With between 37-43 million Americans in an ACO today, we can draw some useful generalizations defending and opposing the concept.

Arguments in favor

  1. The ACO model is consistent with the drive for evidence-based medicine, aiming at reining in indiscriminate specialist visits, therapies and ER visits, and returning the PCP to quarterback role.
  1. Physician incentives are tied to taking a 360 degree view of the patient, utilizing healthcare informatics to make better-informed, better-coordinated decisions, while minimizing costs.
  1. Physicians could gain valuable access to more patient information, driving better outcomes.
  1. With ACO incentives to keep patients out of the hospital, there are long-term disincentives for hospitals to overbuild and then over-admit to cover overhead.

Arguments against

  1. The theory supporting ACO reward system has yet to be borne out. 16 of the 35 pioneer ACOs have abandoned the model. A minority of physicians are actually receiving rewards, and those who are, worry that the cost thresholds for those rewards will be lowered like a limbo bar once they produce greater savings.
  1. Physicians take on the financial risk, yet those who serve lower and higher risk demographic populations are treated the same, driving a cherry-picking of patients.
  1. ACOs further put physicians in the position of prescribing therapies, medication, surgeries, etc., based on incentives versus what they think best for their patients.
  1. The model encourages consolidation into monopolies, and their power over a geographic market may drive price increases.
  1. The administrative burden is costly. ACO regulations are predictably complicated, replete with reams of acronyms, indices and arcane formulas. Both on a national and individual ACO level, the cost-savings realized may be offset by the ever-growing bureaucracy that this oversight creates.

While few argue against the benefits of better coordinated and more evidence-based patient care, the chief deterrents to ACO success are the same as with other bureaucratic solutions to free market problems: complexity, moving targets, burgeoning administrative burdens and decisions made by people who are removed from the core activity.

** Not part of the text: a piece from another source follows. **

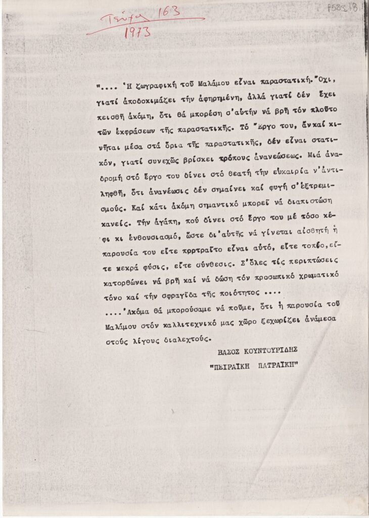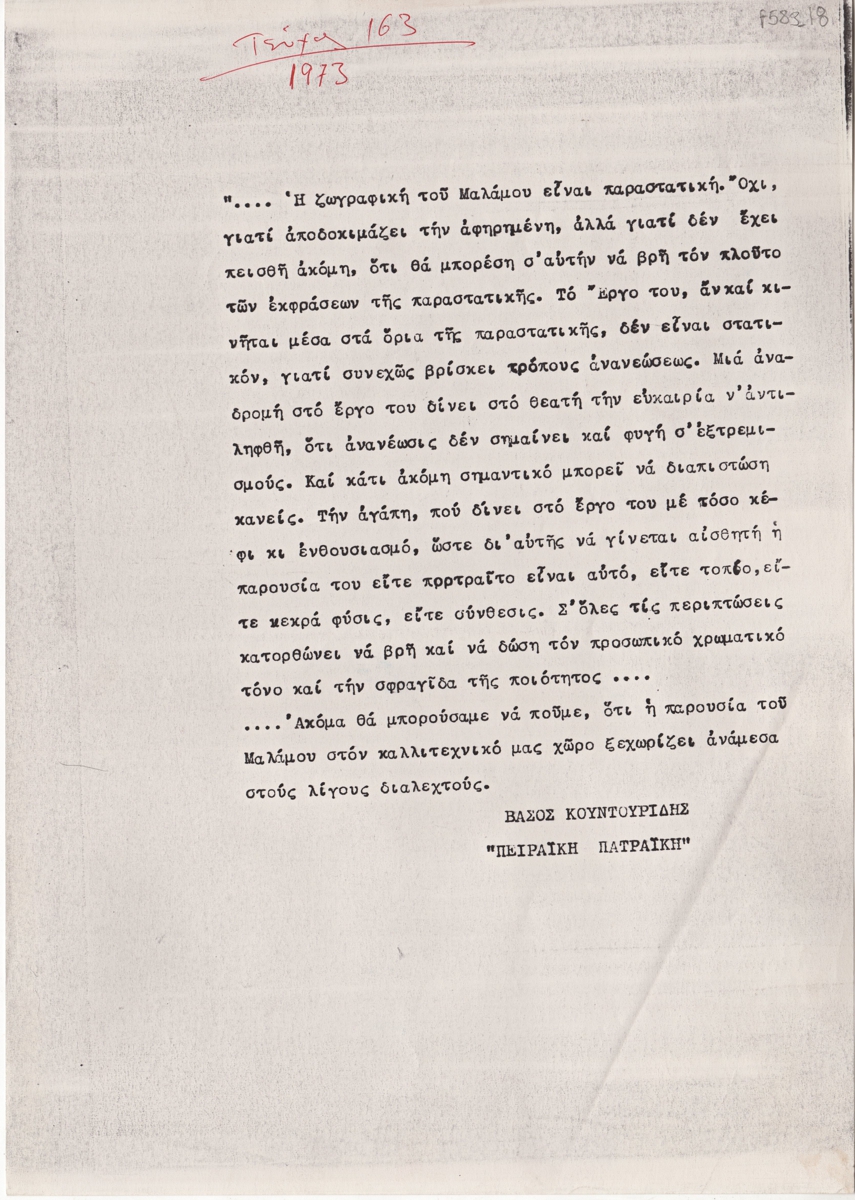 Φωτοαντίγραφο κειμένου, δακτυλόγραφο, στα ελληνικά, χαρτί, 29,8×21,0 εκ. Απόσπασμα του Βάσου Κουντουρίδη για τον ζωγράφο Κώστα Μαλάμο. Επάνω, επιγραφή με τα στοιχεία της δημοσίευσης.

Overlaying this landscape is a volatile, polarized American public, with nearly half voting their disdain for big government and the rest demanding that government do more to take care of them. While Trump and Cruz swear they will repeal the ACA on day one, Hillary, as author of the first go-around, pledges to expand it. 2017 may be a pivotal year for the healthcare industry, as ACA is either radically pulled back or cemented into the American fabric.